The Landmine and Cluster Munition Monitor claims that a lack of collaboration and information sharing has prevented monitoring groups from compiling and providing a more up-to-date estimate of the number of landmine victims.

Moser-Puangsuwa alleged that the Burma Army is still producing landmines at old “Ka Pa Sa” factories—referring to the Burmese acronym for the military’s Directorate of Defense Industries—near the Pegu Division town of Okshitpin in Padaung Township, and that the Kachin Independence Army (KIA) also continued to manufacture landmines.

An analysis by the monitor found that Afghanistan and Colombia suffered the highest number of landmine victims in the world, with Burma a close third. Although several neighboring countries have joined together to call for an end to anti-personnel landmine use, Burma has yet to sign a landmine clearance treaty.

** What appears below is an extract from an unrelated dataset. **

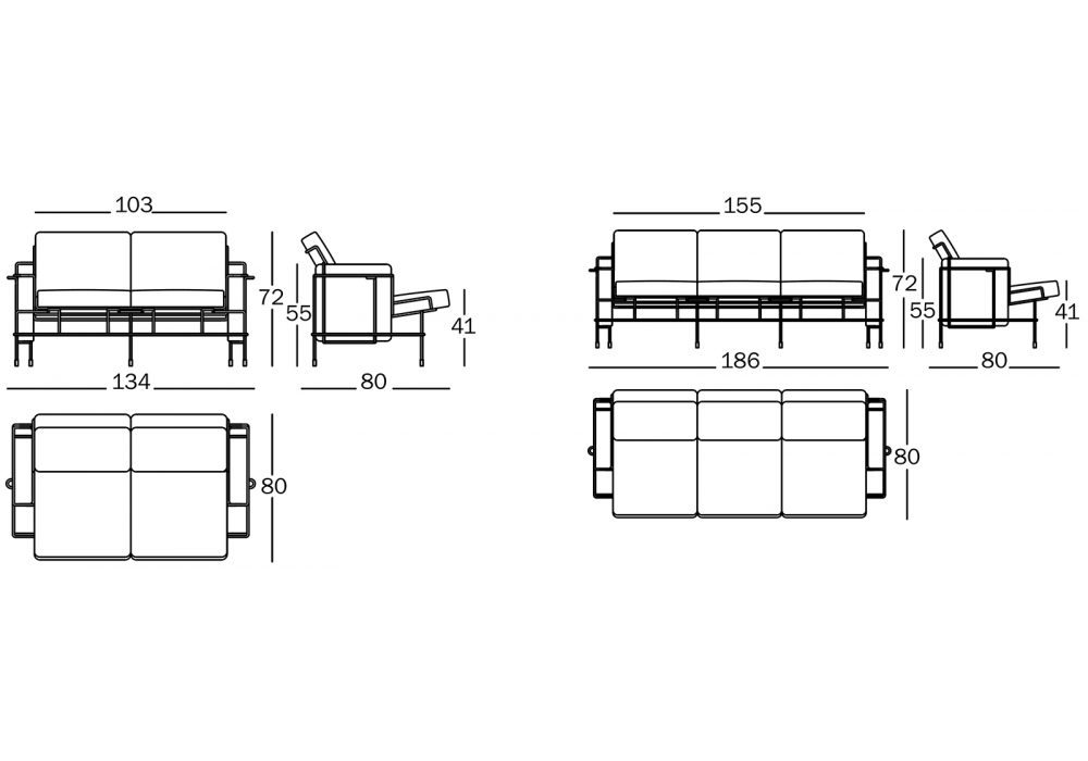 | Dimensions | 134 x 80 x H 72 cm; 186 x 80 x H 72 cm. |
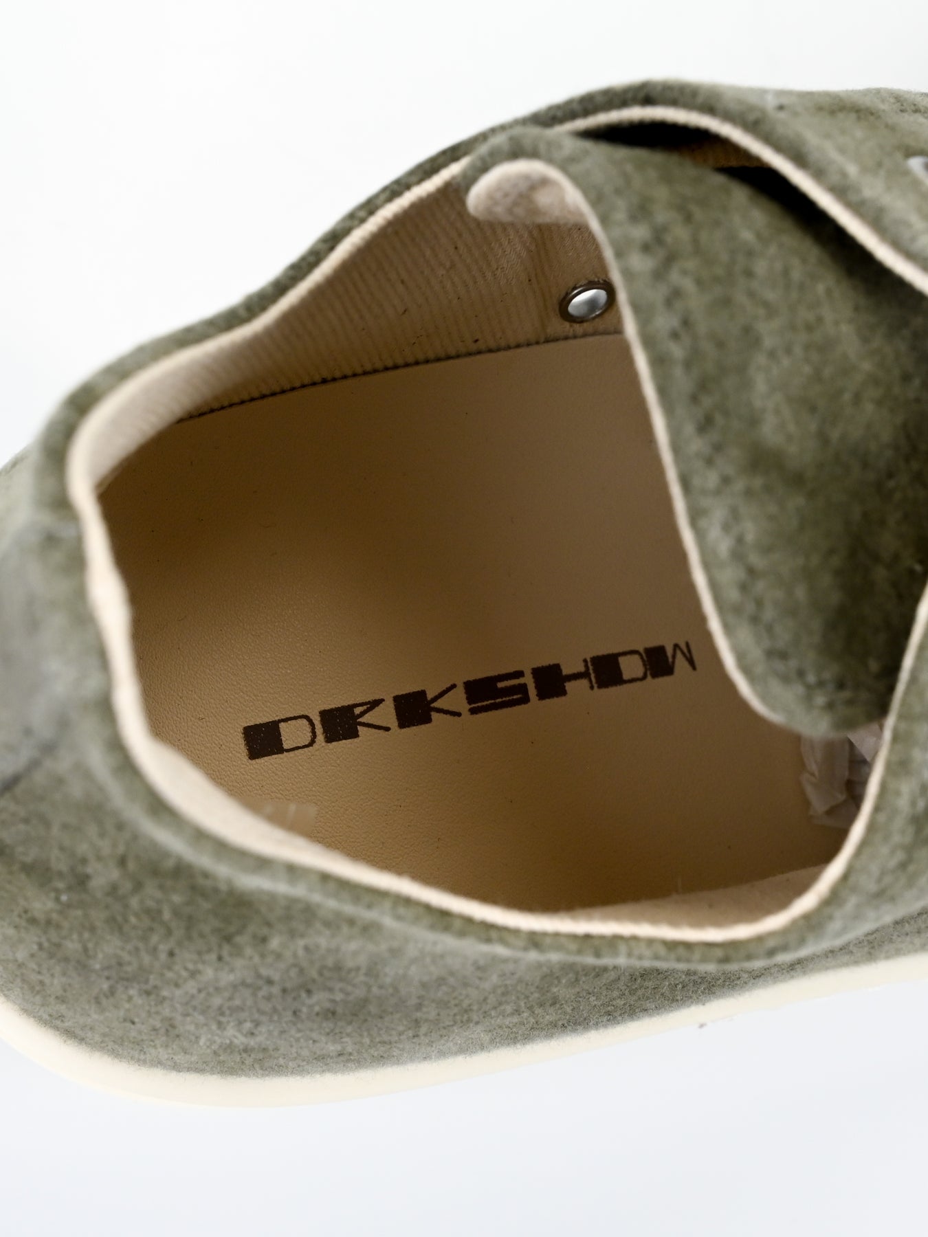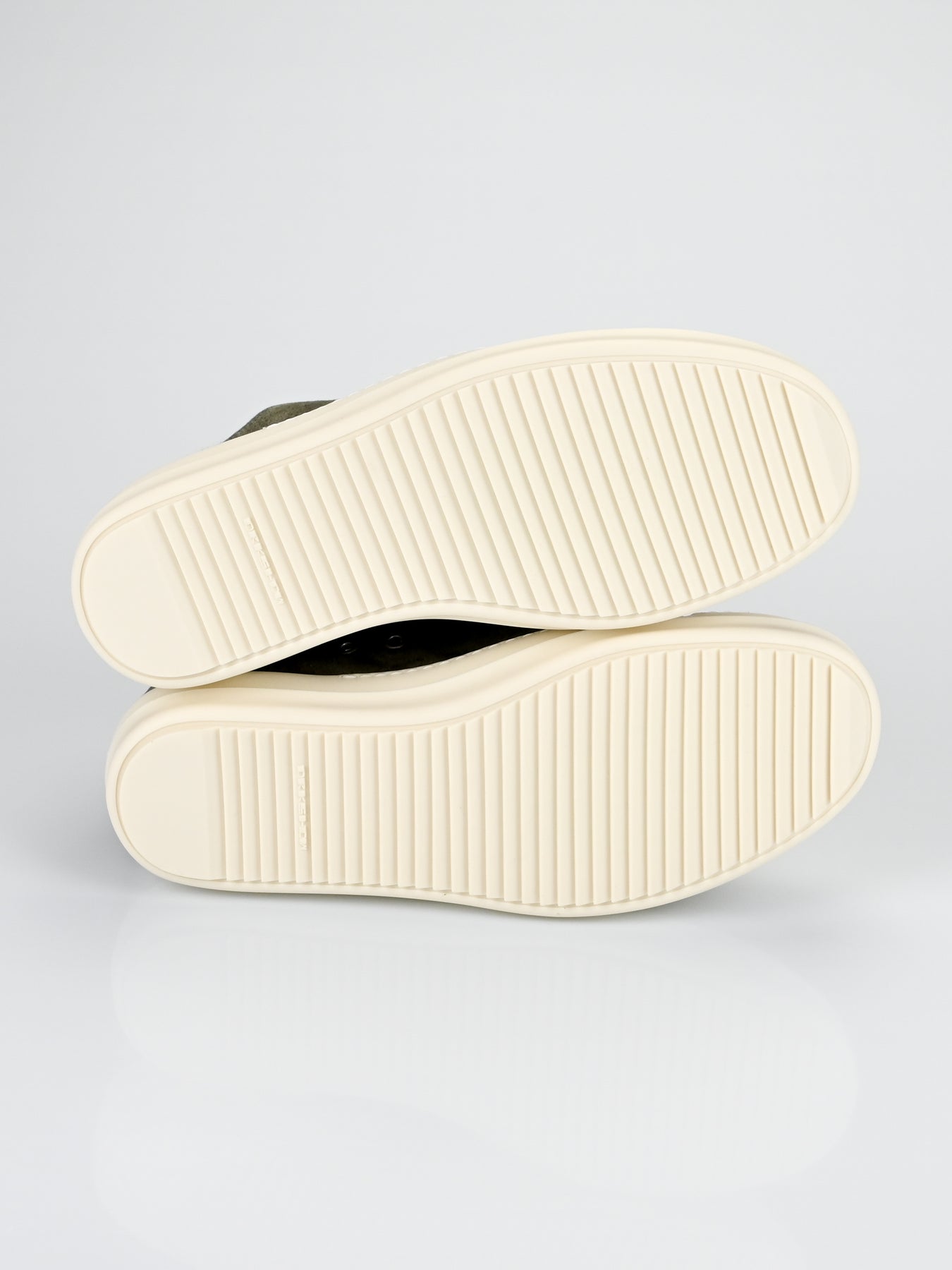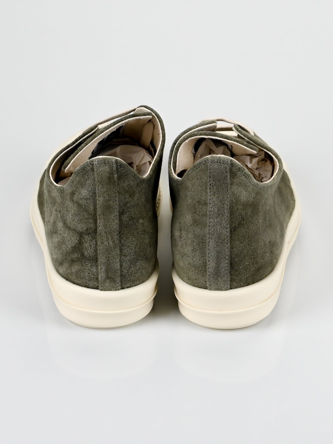 Sage colorway of low-top Rick Owens Ramones. High quality, suede-like upper and milk midsole.

Eight of Burma’s more than 20 ethnic armed groups signed what the government referred to as a “nationwide” ceasefire agreement in Naypyidaw last month, but the issue of landmine clearance did not figure prominently in discussions.

However, the monitor suggested that with the opposition National League for Democracy (NLD) pledging to end landmine use, a commitment to landmine clearance was more likely when the next government takes office in March, following that party’s landslide election victory on Nov. 8.